The data

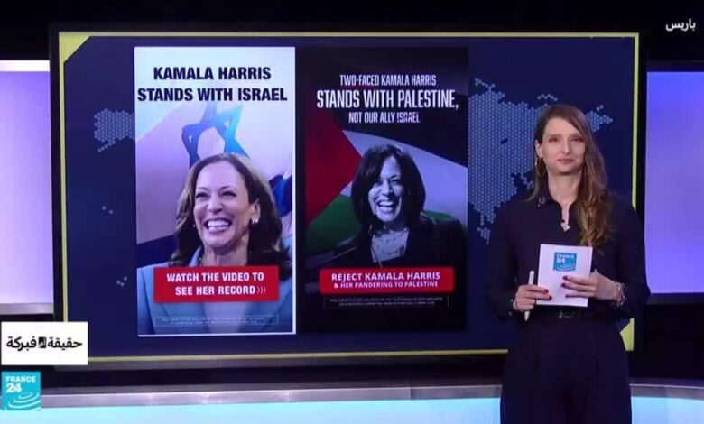 هاريس تدعم إسرائيل في إعلان وفلسطين في آخر: ما حقيقة هذه الإعلانات؟
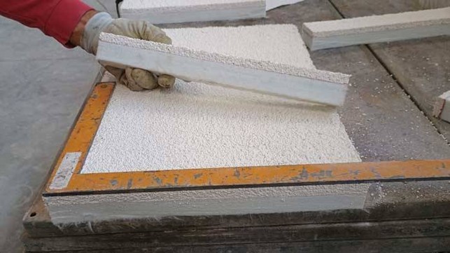 Section of the composite panel for fire protection of FRP systems: insulating layer and cement-based plaster integrated into a reduced thickness.
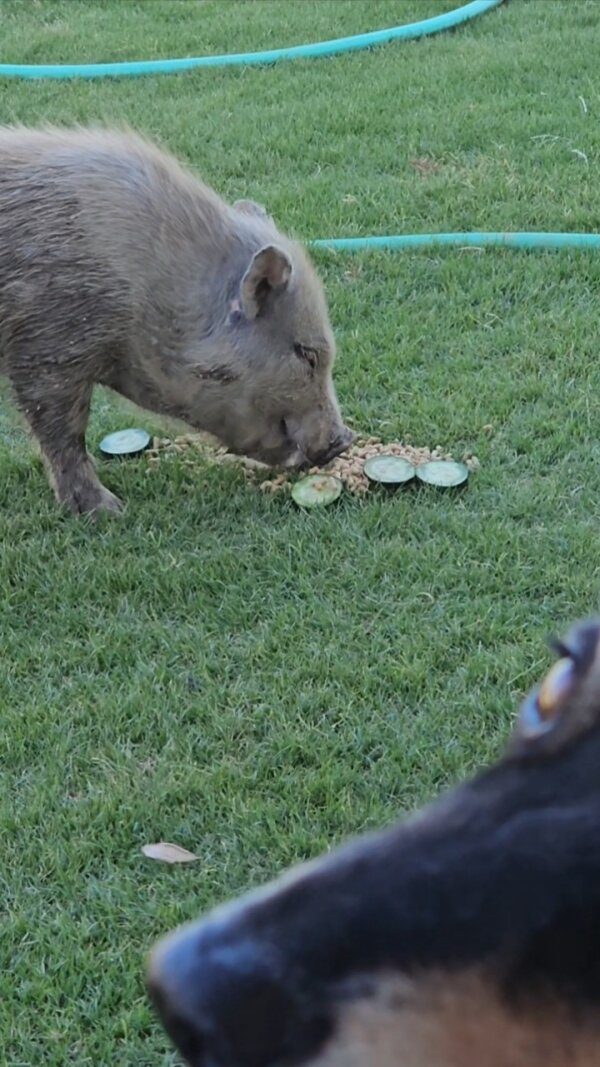Meet Snorkel! This cutie was found roaming a week ago, and the family who has been feeding him just found out he was dumped by his old family when they moved. The people who found & corralled him cannot keep him; they just didn't want him to get hit by a car. He's young and seems like a smart guy. He is skittish when the family tries to pet him, but he doesn't run from them and he follows them around. He's been great with the family's dogs so far and seems to really enjoy the company. (Dogs and pigs should always be supervised and never left alone when together.)
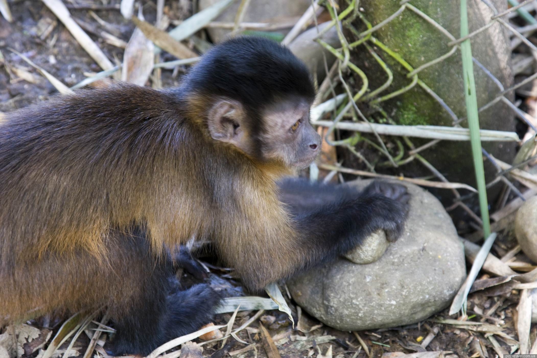Monkeys always can make a surprise, for example this one use two stones to break nuts.
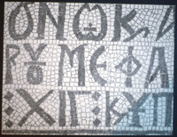 Umm al-Rasas - Detail of Greek inscription in mosaic in Church of St. Stephen
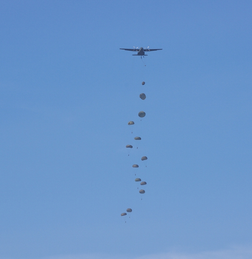 Zuverlässiges Arbeitstier - 1968 kamen die ersten Serienflugzeuge vom Typ Transall C-160 zur Bundeswehr. Noch bis 2018/2019 sollen die betagten Maschinen im Einsatz bleiben. Hier beim Absetzen von Fallschirmjägern am 15.07.2014 über dem Flugplatz Wallerfangen-Düren, danach überfliegt die Transall unser Grundstück in Felsberg. Erhard Pitzius
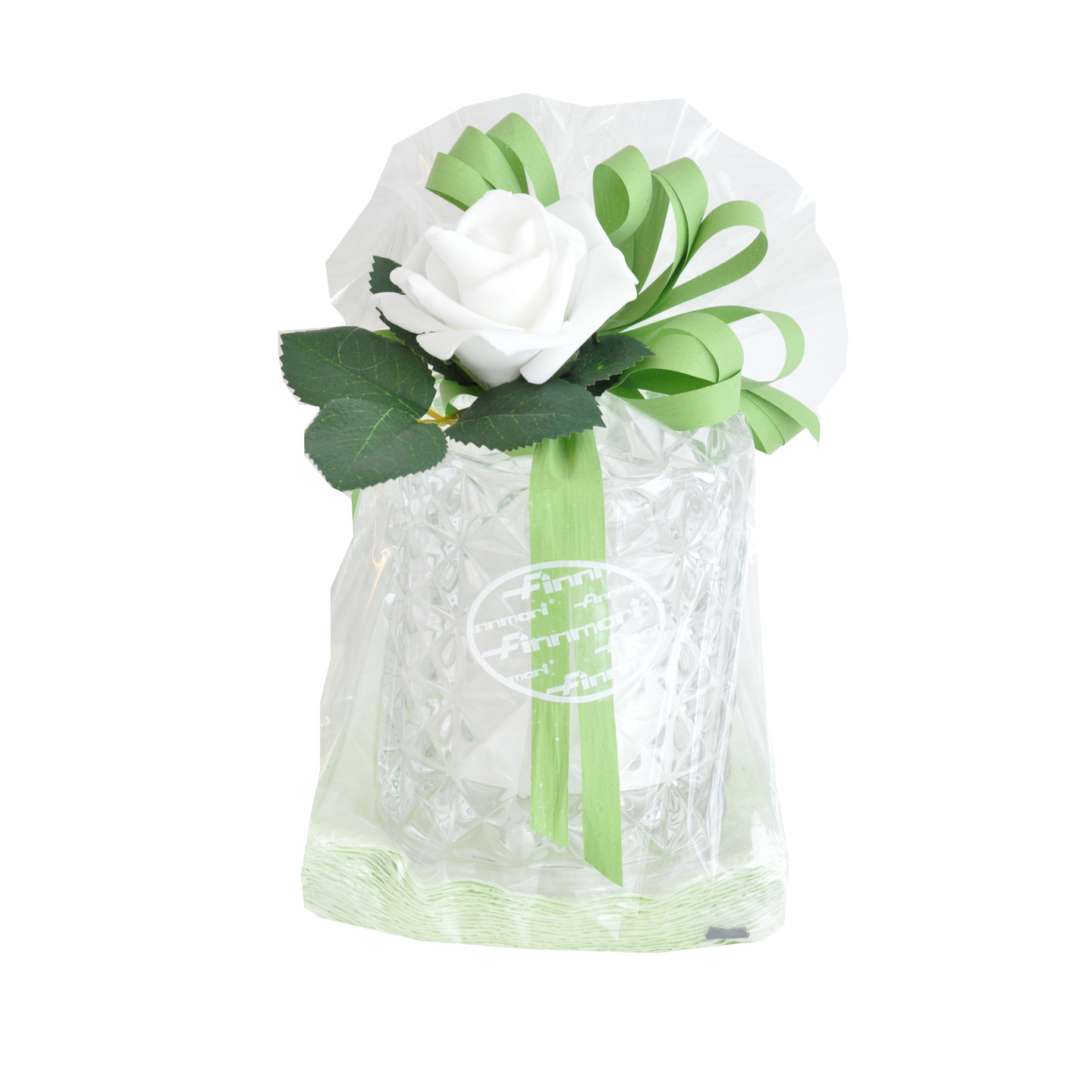 Finnmari kynttilälahjapakkaus servetit, valettu lasi, koristeruusu+lehdet vihreä
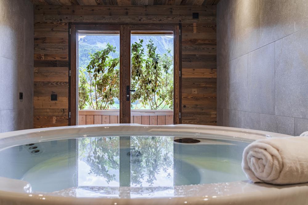 Garden level: a ski room / bike room / cellar, a 51 m2 garage, a spa with jacuzzi-sauna-shower.
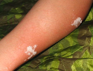 One of G.’s legs with multiple stings covered by the paste we made. Looked totally weird but G. agreed that it didn’t hurt as much with the paste on.

Action item
Your copy should be the entries retyped exactly, with no images in it.

Expected answer
 هاريس تدعم إسرائيل في إعلان وفلسطين في آخر: ما حقيقة هذه الإعلانات؟
 Section of the composite panel for fire protection of FRP systems: insulating layer and cement-based plaster integrated into a reduced thickness.
Meet Snorkel! This cutie was found roaming a week ago, and the family who has been feeding him just found out he was dumped by his old family when they moved. The people who found & corralled him cannot keep him; they just didn't want him to get hit by a car. He's young and seems like a smart guy. He is skittish when the family tries to pet him, but he doesn't run from them and he follows them around. He's been great with the family's dogs so far and seems to really enjoy the company. (Dogs and pigs should always be supervised and never left alone when together.)
Monkeys always can make a surprise, for example this one use two stones to break nuts.
 Umm al-Rasas - Detail of Greek inscription in mosaic in Church of St. Stephen
 Zuverlässiges Arbeitstier - 1968 kamen die ersten Serienflugzeuge vom Typ Transall C-160 zur Bundeswehr. Noch bis 2018/2019 sollen die betagten Maschinen im Einsatz bleiben. Hier beim Absetzen von Fallschirmjägern am 15.07.2014 über dem Flugplatz Wallerfangen-Düren, danach überfliegt die Transall unser Grundstück in Felsberg. Erhard Pitzius
 Finnmari kynttilälahjapakkaus servetit, valettu lasi, koristeruusu+lehdet vihreä
 Garden level: a ski room / bike room / cellar, a 51 m2 garage, a spa with jacuzzi-sauna-shower.
 One of G.’s legs with multiple stings covered by the paste we made. Looked totally weird but G. agreed that it didn’t hurt as much with the paste on.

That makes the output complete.